== Task input ==
▬▬▬
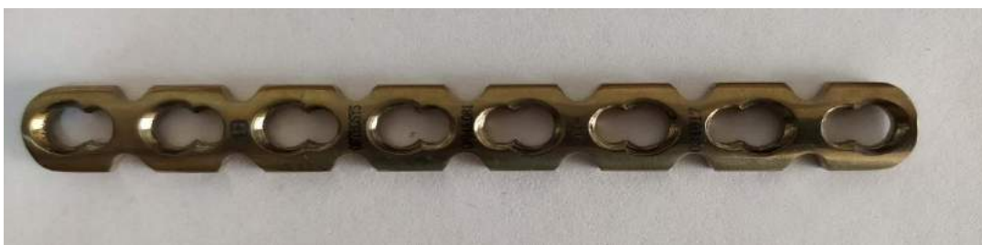
Cat No: 320.005T/320.005 - 320.012T/320.012 Lock-in Recon Combi Hole Plate 3.5 mm (TiT/SS)- (5 -12 Holes)
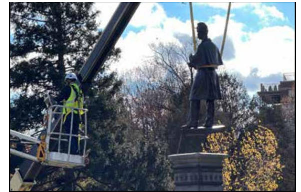
Civil War soldier's statue just before it reaches the monument on which it will rest.

The original monument was built and dedicated in 1875 and cost $3000, or an astounding $76,000 in 2021-2022 dollars. It consists of a slightly larger than life soldier and a twelve foot granite base. Others in attendance at the event were relatives of members of the 77th, local politicians, media, city workers and interested bystanders.
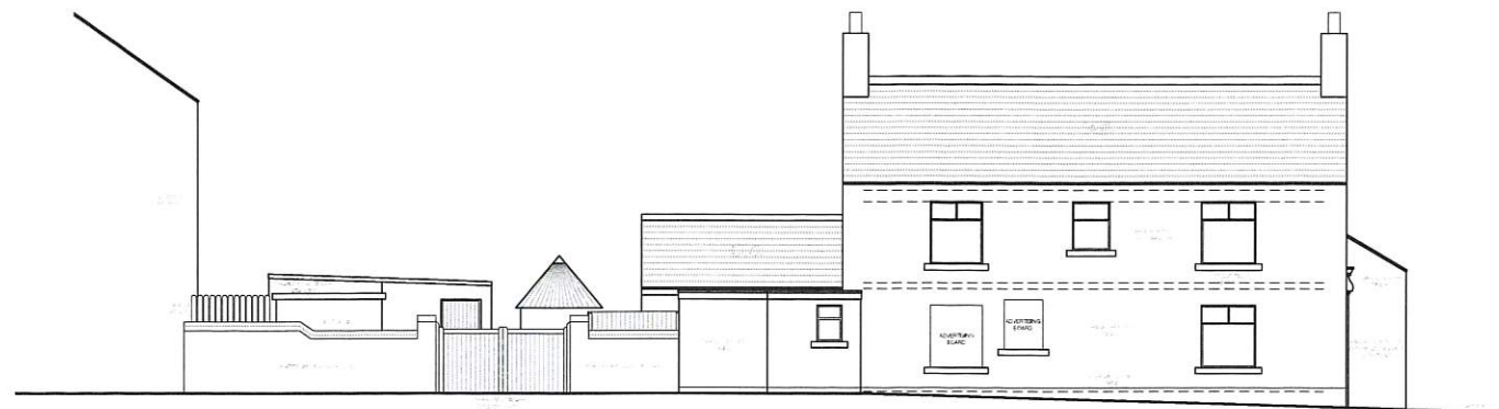
SIDE ELEVATION AS EXISTING

All dimensions to be checked on site prior to work commencing on site. Any discrepancies must be reported to MR+P All dimensions to be checked on site prior to work commencing as this property has not been surveyed by MR+P. Any discrepancies must be reported to MR+P
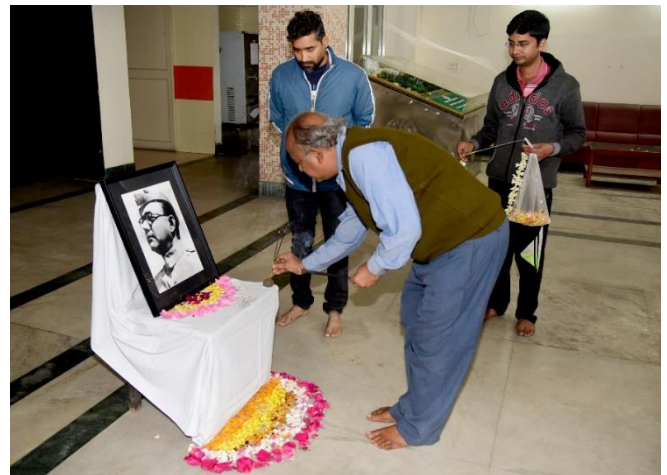
d) Observation of the 125 th Birth Anniversary of Netaji Subhash Chandra Bose on January 23, 2022
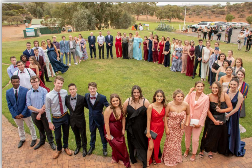
Year 12 Formal 2018
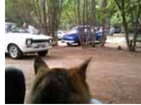
A blue one ! And a green one! And an old one! And a yellow one! And a yellow and Red one!
▬▬▬
== What you have to do ==
Restate exactly, and only, the lines from the one that holds "MR+P. Any discrepancies must be reported to MR+P" down to the last line of the material above. Omit the pictures.

== Your solution ==
All dimensions to be checked on site prior to work commencing on site. Any discrepancies must be reported to MR+P All dimensions to be checked on site prior to work commencing as this property has not been surveyed by MR+P. Any discrepancies must be reported to MR+P
d) Observation of the 125 th Birth Anniversary of Netaji Subhash Chandra Bose on January 23, 2022
Year 12 Formal 2018
A blue one ! And a green one! And an old one! And a yellow one! And a yellow and Red one!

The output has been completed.